Mary J. Blige

By Ron Wynn

NASHVILLE, TN — Vocalist/actress Mary J. Blige’s latest project, the documentary “My Life” debuted on Amazon Prime Video over the weekend and is now available to be streamed. But Blige told The Hollywood Reporter that the film gives her the same thrill as when the LP was initially released. “I just want people [to get] you know that feeling we got when we [first] heard the album,” she said. “You’ll get it again when you see the documentary,” she says. “That’s the gift I want to give back. I wasn’t the only one going through what I was going through. [The documentary] is triumphant, it’s not sad. [Better yet] it’s sadness that moves into happiness. My Life is no longer like oh god [I’m crying because I’m sad], My Life [now] is like I’m crying because I made it through.”

Long known as the “Queen of Hip-Hop Soul,” Blige is now also on other campaigns to aid others. One of those involves getting more publicity for Black stuntwomen. She recently announced a partnership with Gold Bond for their #ChampionYourSkin campaign, which strives to celebrate these stuntwomen who put themselves to the test to break down barriers for themselves and others in Hollywood. 
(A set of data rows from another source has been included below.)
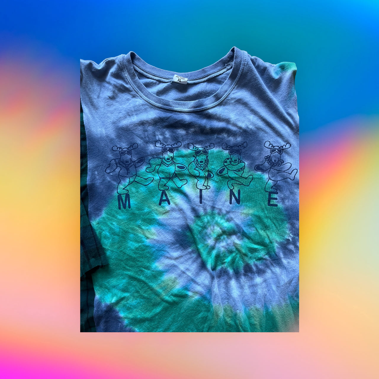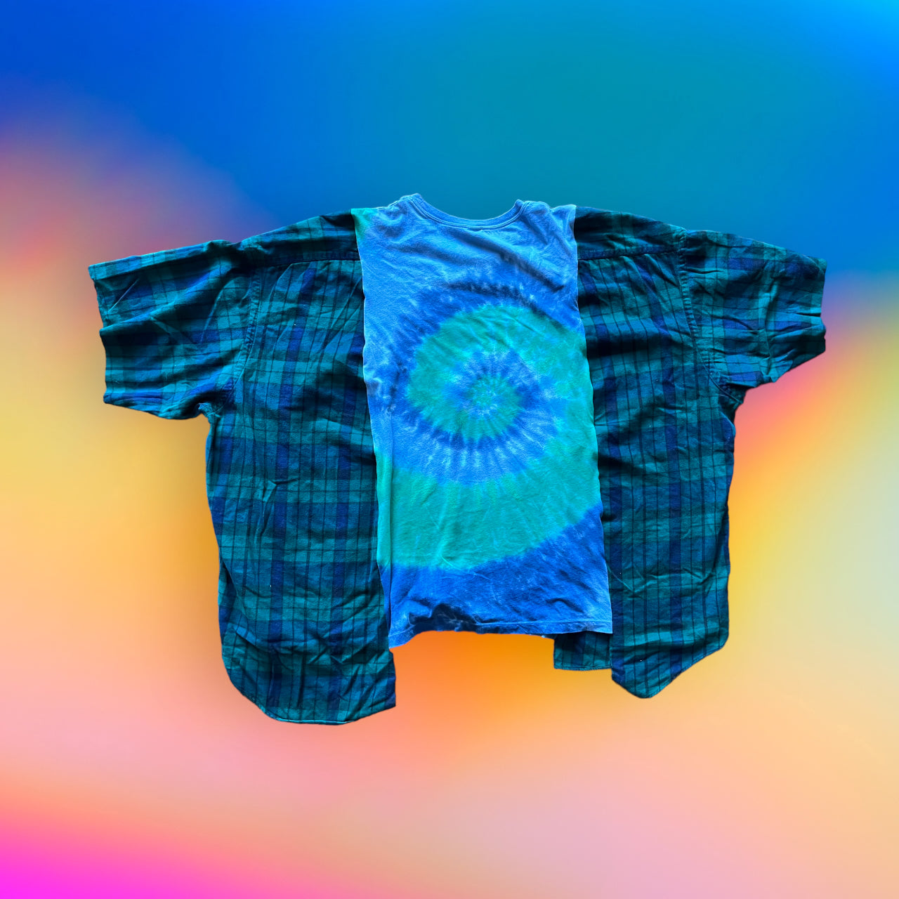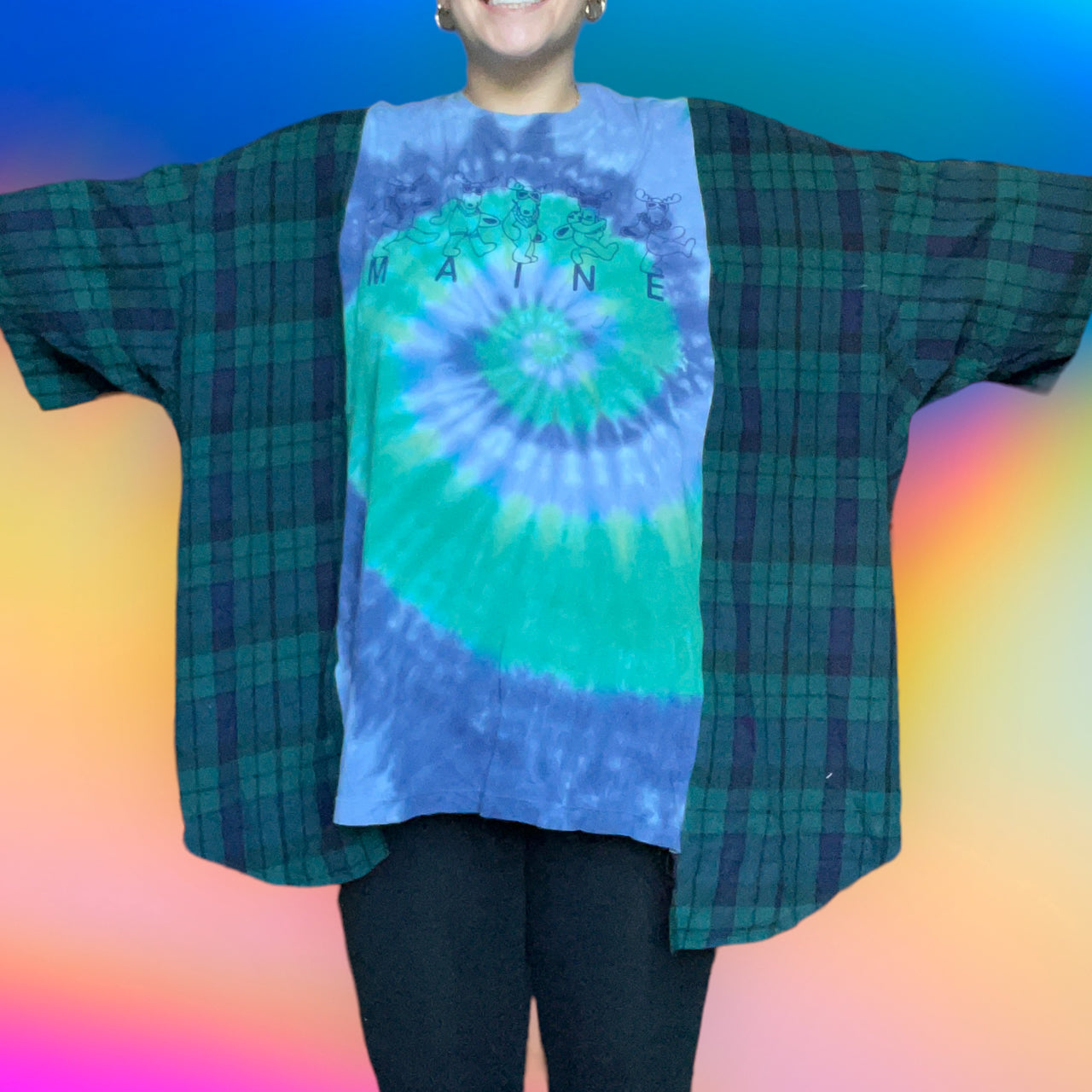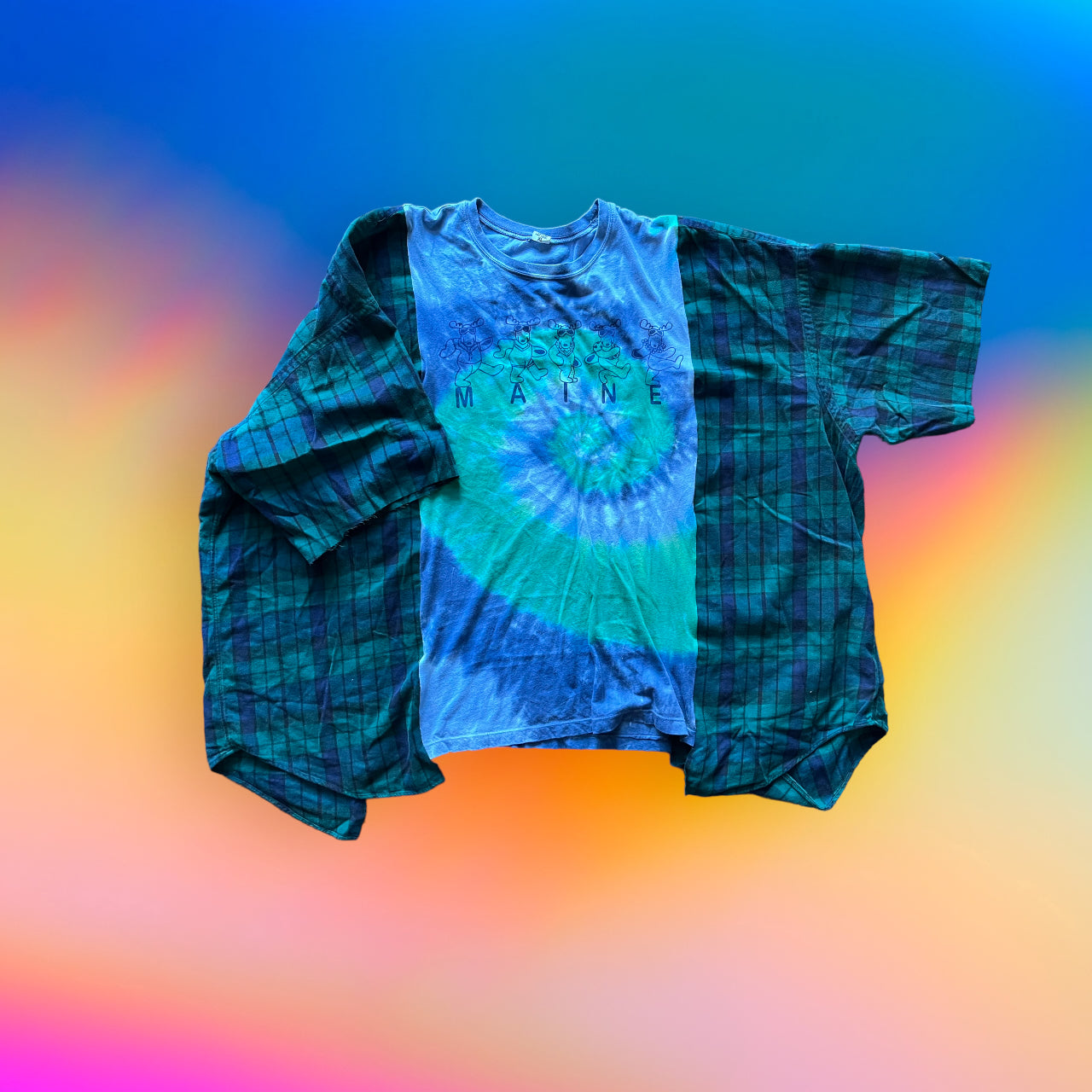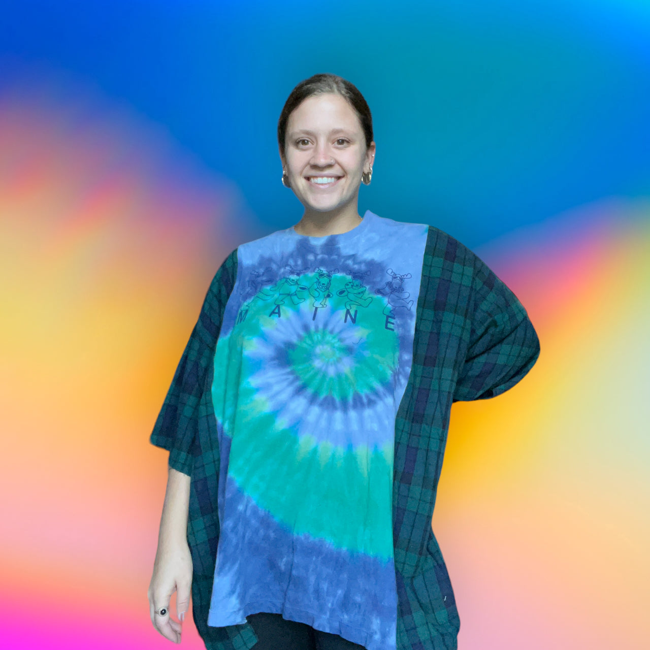 Cut off flannel sewn together with a funky dancing moose tie dye t. XXXL and very soft.
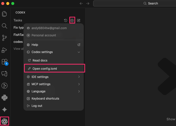 - 回到我們的 VS Code,打開 Codex,然後點選設定。
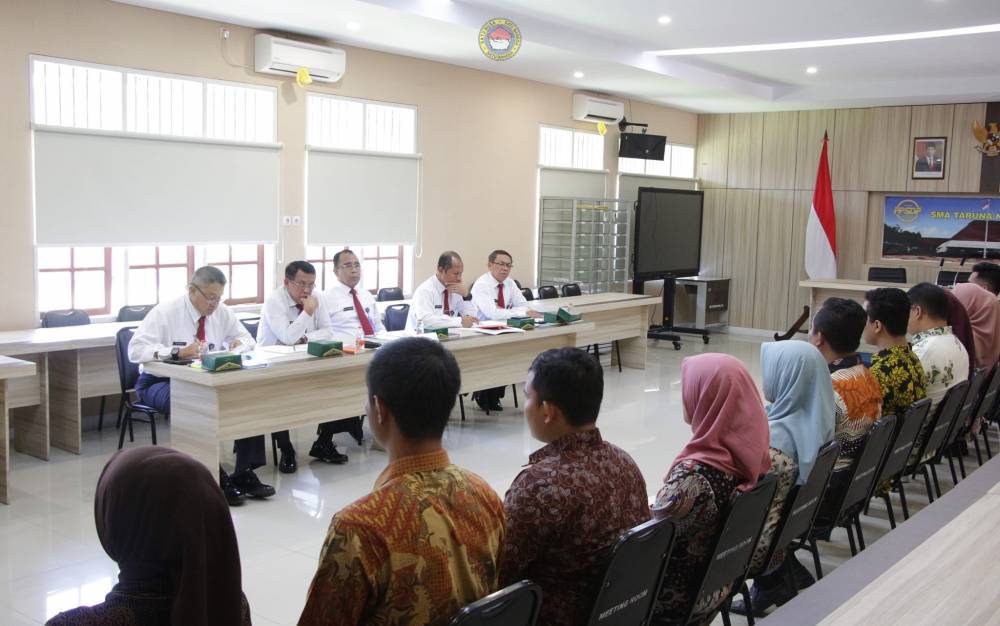 Rangkaian wawancara Calon Pamong diakhiri dengan wawancara oleh Pengurus Sekolah lengkap yang dipimpin Kepala SMA Taruna Nusantara Mayjen TNI (Purn.) Tono Suratman didampingi Wakasekmin Mayjen TNI (Purn.) Nanang D. Priadi, Wakaseksuh Mayjen TNI (Purn.) Yacob D. Sarosa, Wakaseksis Mayjen TNI (Purn.) Asrobudi dan Wakasekdik Bambang Edy Suparyanto, S.Sos.
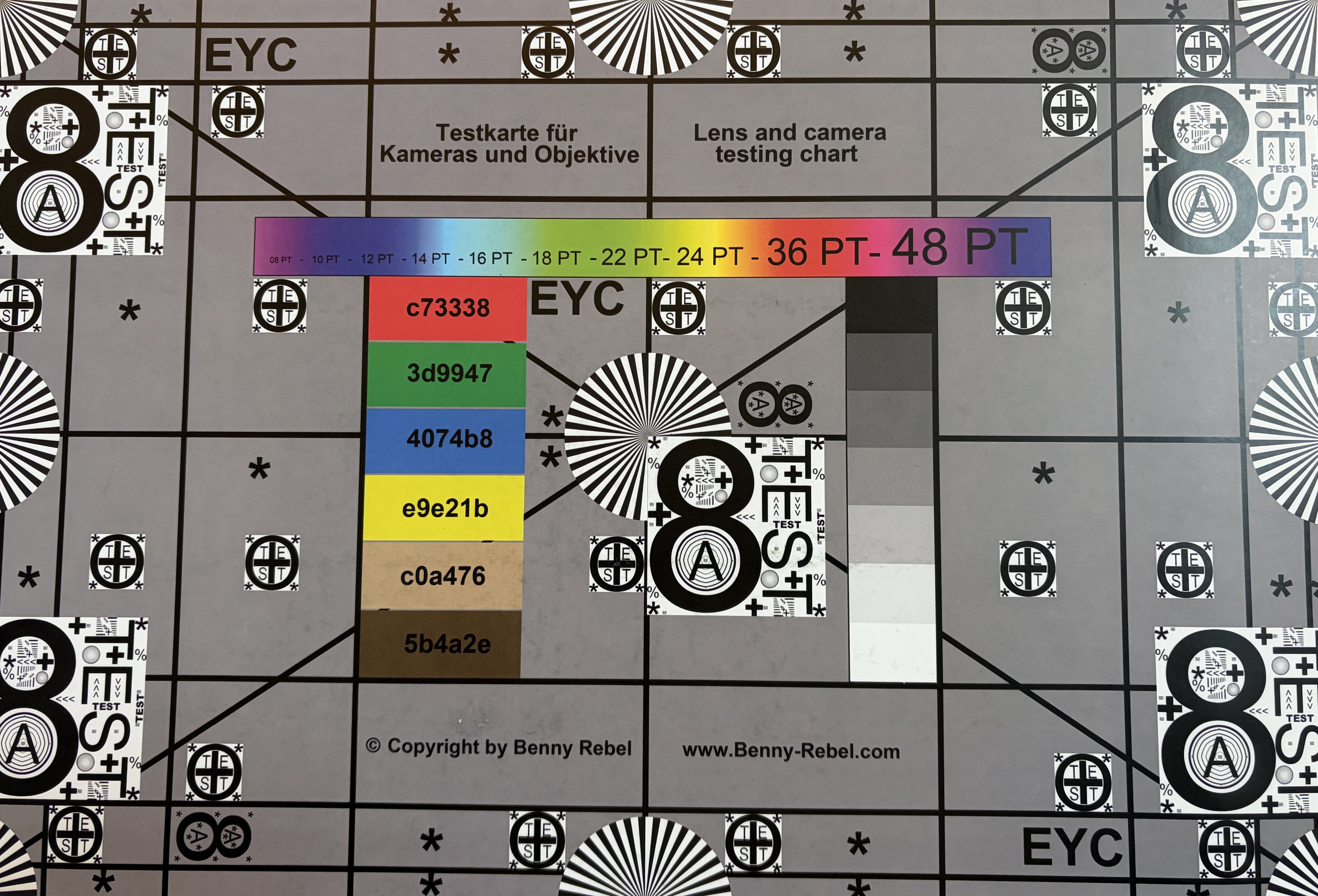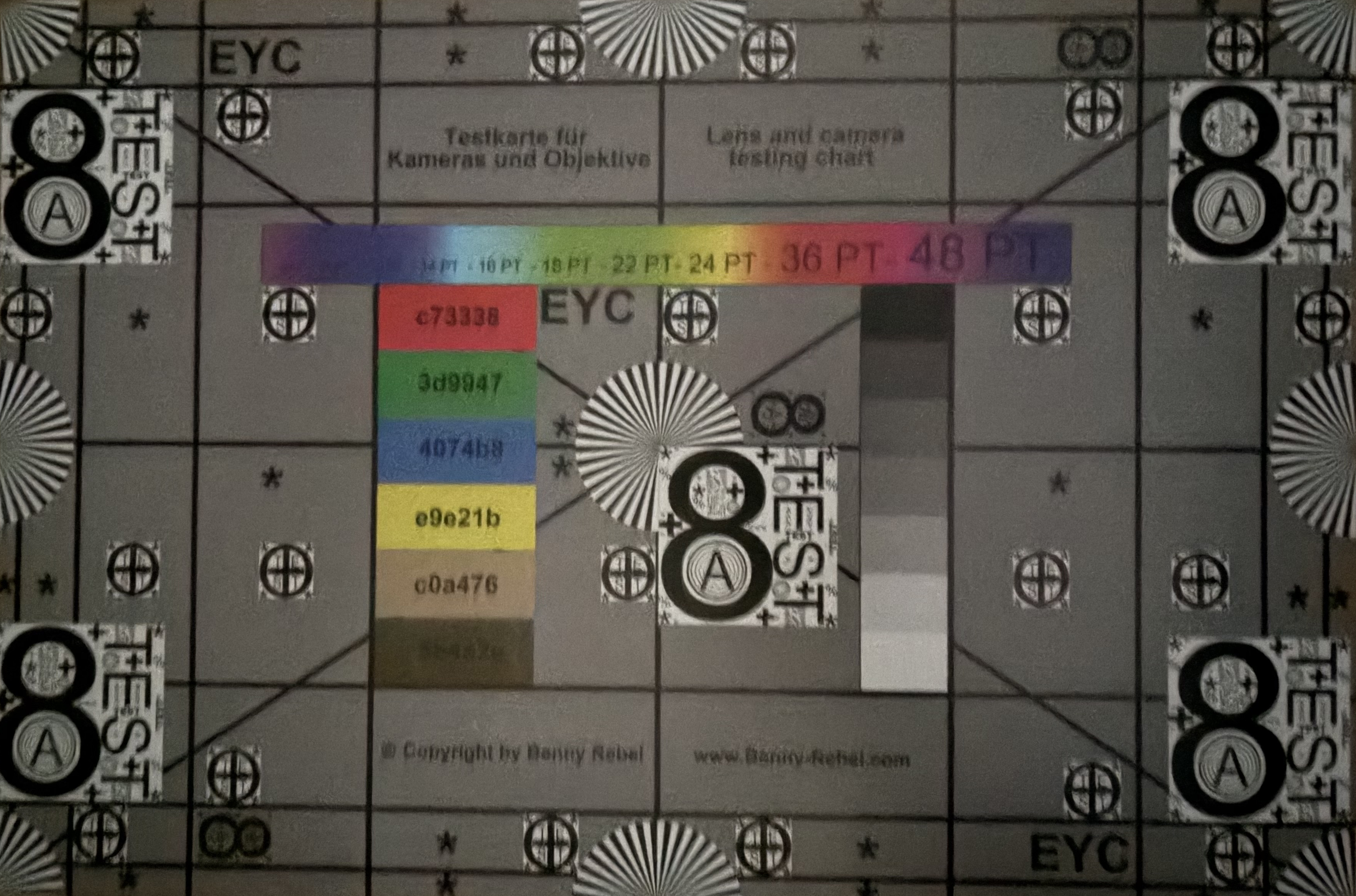 Main cameraMain cameraUltra wide-angleLow lightUnder kontrollerade ljusförhållanden visar huvudkameran återigen att den kan visa färger exakt. Testdiagrammet är fortfarande mycket tydligt igenkännbart även med bara 1 lux restljus och fångas ganska skarpt, något som knappast någon annan smartphonekamera kan uppnå.
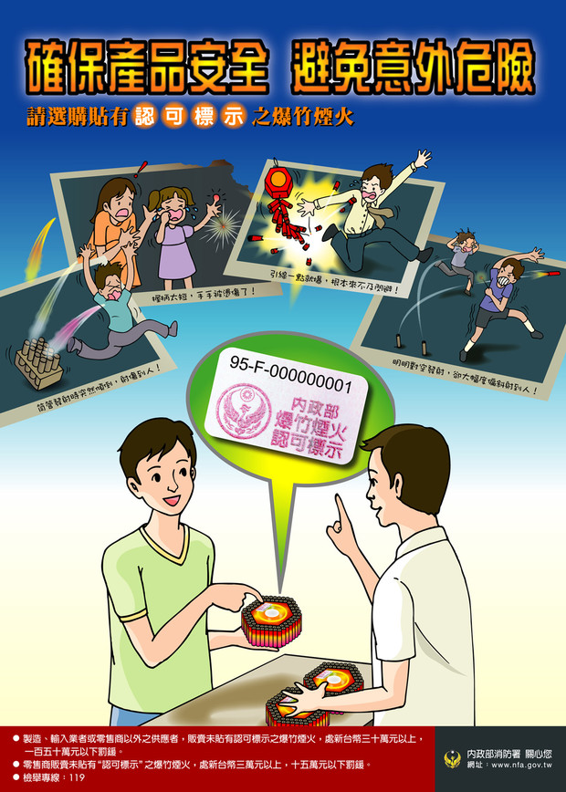 介壽分隊提醒使用爆竹、用火用電注意事項 --閱讀人次 : 530 元宵節期間各廟宇辦理「擺暝」儀式及神明們繞境巡行活動,民眾燃放爆竹煙火使用量大,應選購有認可標示之一般爆竹煙火產品(如下圖),以維自身安全。如有發現非法製造、儲存或販賣爆竹煙火之情形,請立即撥打119或本分隊23685檢舉。
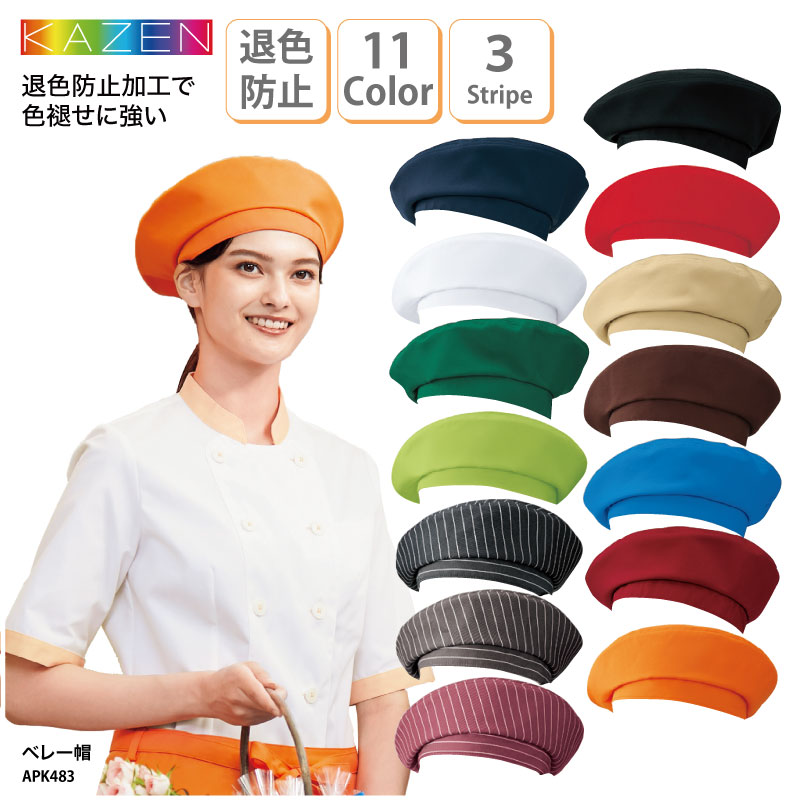 ベレー帽 帽子 販売 ユニフォーム 接客 異物混入 帽子 カフェ フード 飲食 食品 退色防止 男性 女性 メンズ レディス カゼン ゴム KAZEN APK483
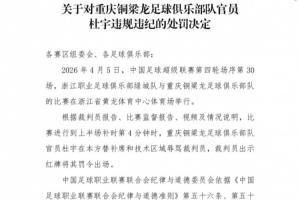 体育资讯04月08日讯 中足联官网今日公布处罚决定,中超第4轮,浙江vs重庆铜梁龙,重庆铜梁龙助理教练杜宇辱骂裁判员,禁止进入体育场6场,罚款6万元。

“The first time I ever heard about Black stuntwomen in Hollywood not getting recognized or being a bigger part of the [industry] was through Gold Bond,” she told Shadow and Act. “I’m really really happy to partner with Gold Bond for their Champion Your Skin campaign and use my spotlight to help a community of people that never get [acknowledged]. It’s [especially] important to me as a Black woman in Hollywood who’s always shooting, fighting, falling and doing all kinds of stuff. I don’t mind doing all of that but the producers and directors of [these] shows want us to come back to work in one piece, and these women take the fall and get broken up for us because they’re trained to do what we can’t do and they make us look like superheroes.”

Blige has previously starred in shows like “The Umbrella Academy and Power Book II: Ghost.” She adds that “Black stuntwomen are constantly sacrificing their life, their skin and their mind” to act as doubles while rarely getting highlighted for their dangerous yet commendable work. They have to take their whole being to jump out of a car or get shot or whatever it is we can’t do they do. They’re sacrificing everything just so we can be great.”

As part of her Gold Bond partnership, the company also supports nonprofit organization Diamond in the Raw in its efforts to launch its “Skin Champions Stunt Workshop” – a program designed for young Black girls to teach them how to become stuntwomen. Looking ahead, Blige hopes that moving forward we’ll see a shift in the TV and film industry and the way that it spotlights these Black women’s contributions to Hollywood. “[I hope] that we see more of them,” she says. “There won’t be white women getting their skin painted Black, [these Black stuntwomen] will get more opportunities and you’ll see their name in the credits, which you should.”